Igualmente, si en los años cuarenta vivías en Nueva York y querías deleitarte con el canto de la singular diva Florence Foster Jenkins, no bastaba con te gustara la ópera y pagaras el precio de la entrada, sino que debías pasar un examen antes del espectáculo para demostrar que eras un verdadero connoisseur. Tras la rigurosa audición, celebrada en la suite del hotel Seymour de Manhattan donde tenía fijada su residencia, y el preceptivo pago de 2,5 dólares, se abrían las puertas de un peculiar valhalla musical. Para entender en toda su magnitud lo que ocurría en aquellas funciones es imprescindible escuchar con atención esta performance de “La flauta mágica” que se marca Jenkins. El entrecomillado no es baladí:

Y sí, la gente hacía cola porque, tal como te habrá pasado a ti, no daba crédito a lo que estaba ocurriendo. Las grabaciones que quedan de ella, con títulos como Murder in high Cs (Homicidio en do mayor) o The Glory (????) of Human Voice (La ¿gloriosa? voz humana), ya nos ponen sobre la pista de la que fuera bautizada como la peor soprano de todos los tiempos. Pero el misterio sigue ahí, como un buey tozudo clavado en el surco: una mujer que se lanzó al “bel canto” (he aquí otro entrecomillado capcioso) a los 41 años y se mantuvo fiel a su despropósito durante más de tres décadas, hasta cumplidos los 76. “El mundo oyó mi voz por primer vez en 1912, el año en que se hundió el Titanic”, declaraba la cantante. El 25 de octubre de 1944, apenas un mes antes de su muerte, dio un concierto en el Carnegie Hall con un lleno absoluto y la presencia de dramaturgos de la talla de Noel Coward, que al parecer cayó rodando por el pasillo en un ataque de risa.

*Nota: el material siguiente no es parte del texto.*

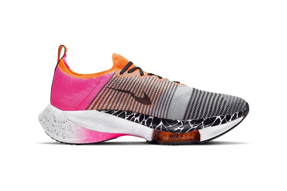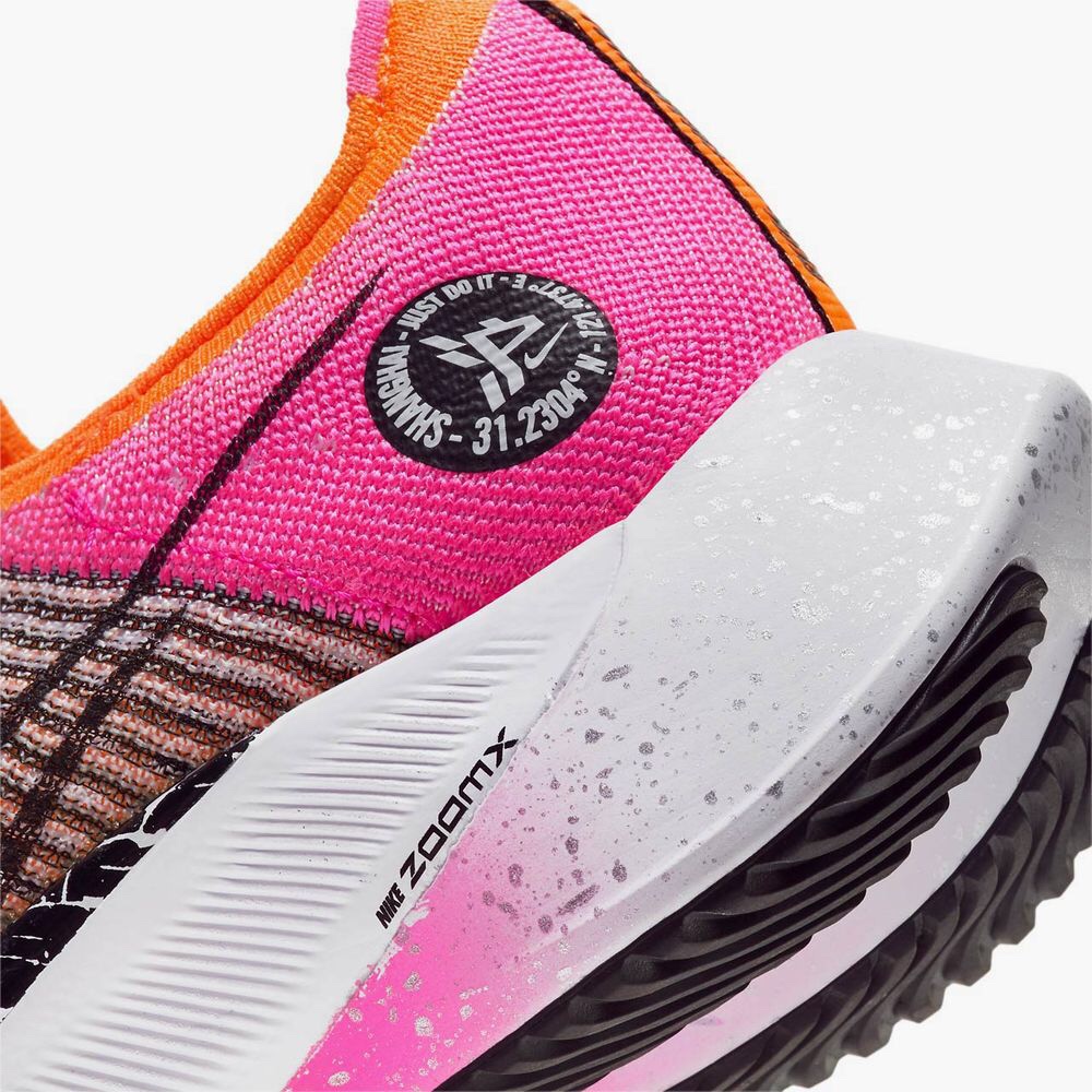 - ZoomX foam midsole mixes speckles, patterns and a touch of hot pink on its foam construction.

El pistoletazo de su carrera artística lo dio el fallecimiento de su acaudalado padre. Decía Virginia Woolf que hace falta una renta anual de quinientas libras para acometer una carrera literaria con cierta independencia y dignidad. No sabemos cuál fue la herencia de Foster Jenkins, pero le permitió mantenerse refractaria a cualquier crítica. En cuanto a lo de la dignidad, no es algo que entrara en la ecuación. La incredulidad de los primeros conciertos dio paso al fervor del público, que acudía masivamente a sus recitales anuales en los salones del hotel Ritz-Carlton para comprobar en persona si era tan mala como la pintaban. Nunca faltaba su interpretación de La flauta mágica de Mozart –para qué conformarse con alguna obra de menores exigencias vocales, mejor apostarlo todo al rojo– o el número de Clavelitos, en el que arrojaba la susodicha flor a una audiencia extática. En su último concierto, en un arrebato de entusiasmo, tiró la cesta misma a los espectadores.

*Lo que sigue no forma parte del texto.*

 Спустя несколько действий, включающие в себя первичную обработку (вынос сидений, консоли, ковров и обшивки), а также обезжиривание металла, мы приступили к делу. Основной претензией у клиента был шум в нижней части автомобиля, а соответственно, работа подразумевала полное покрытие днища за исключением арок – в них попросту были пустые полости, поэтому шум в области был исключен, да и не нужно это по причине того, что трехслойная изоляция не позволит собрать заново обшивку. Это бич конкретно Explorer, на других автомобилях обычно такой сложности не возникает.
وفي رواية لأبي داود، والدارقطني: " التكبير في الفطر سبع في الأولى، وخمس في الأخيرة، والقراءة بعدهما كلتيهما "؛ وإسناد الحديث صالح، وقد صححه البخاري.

Cada vez que se enfrentaba a las risas del público o las burlas de la crítica, lo achacaba a la envidia y la falta de criterio de los demás. Pero lo verdaderamente fascinante es el optimismo inextinguible con el que vivió. Como en aquel accidente que tuvo a bordo de un taxi y en el que emitió un escalofriante alarido. Lejos de molestarse con el conductor, le envió una caja de puros explicando que gracias a él había “alcanzado el fa más agudo que jamás hubiera entonado”.     

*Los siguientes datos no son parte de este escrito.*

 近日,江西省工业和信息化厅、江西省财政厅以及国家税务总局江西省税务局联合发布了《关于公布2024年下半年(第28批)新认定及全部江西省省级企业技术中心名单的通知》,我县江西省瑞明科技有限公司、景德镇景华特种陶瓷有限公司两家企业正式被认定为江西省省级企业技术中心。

La extraña y misteriosa figura de Foster Jenkins ha mantenido intacto su interés. Prueba de ello son las obras de teatro Souvenir, de Stephen Temperley (2005), y Glorius!, de Peter Quilter (2005), o el biopic que se está rodando en estos momentos, con Meryl Streep en el papel de la cantante y bajo la dirección de Stephen Frears. Aunque las anteriores obras están escritas en clave de comedia, puede que esta última sea un intento sincero de arrojar algo de luz sobre su enigma. ¿Lo suyo fue una broma infinita? ¿Quizá un trastorno de personalidad? Su marido y manager,  St Clair Bayfield, la arropó durante toda su carrera musical, tal como lo hizo su círculo de amigos más íntimos, no se sabe si cómplices en la farsa o verdaderamente arrastrados por su contumacia artística. Hoy también la reivindican cantantes tan dispares como Barbra Streisand o David Bowie, como me contaba el escritor Bosco Ussía hace unas semanas. 

Quizá una de las claves resida en lo que decía la actriz Judy Kaye, que representó su papel en Souvenir: “Es difícil cantar mal tan bien. Se puede cantar mal mal durante cierto tiempo, pero si sigues así te acabas destrozando la garganta”.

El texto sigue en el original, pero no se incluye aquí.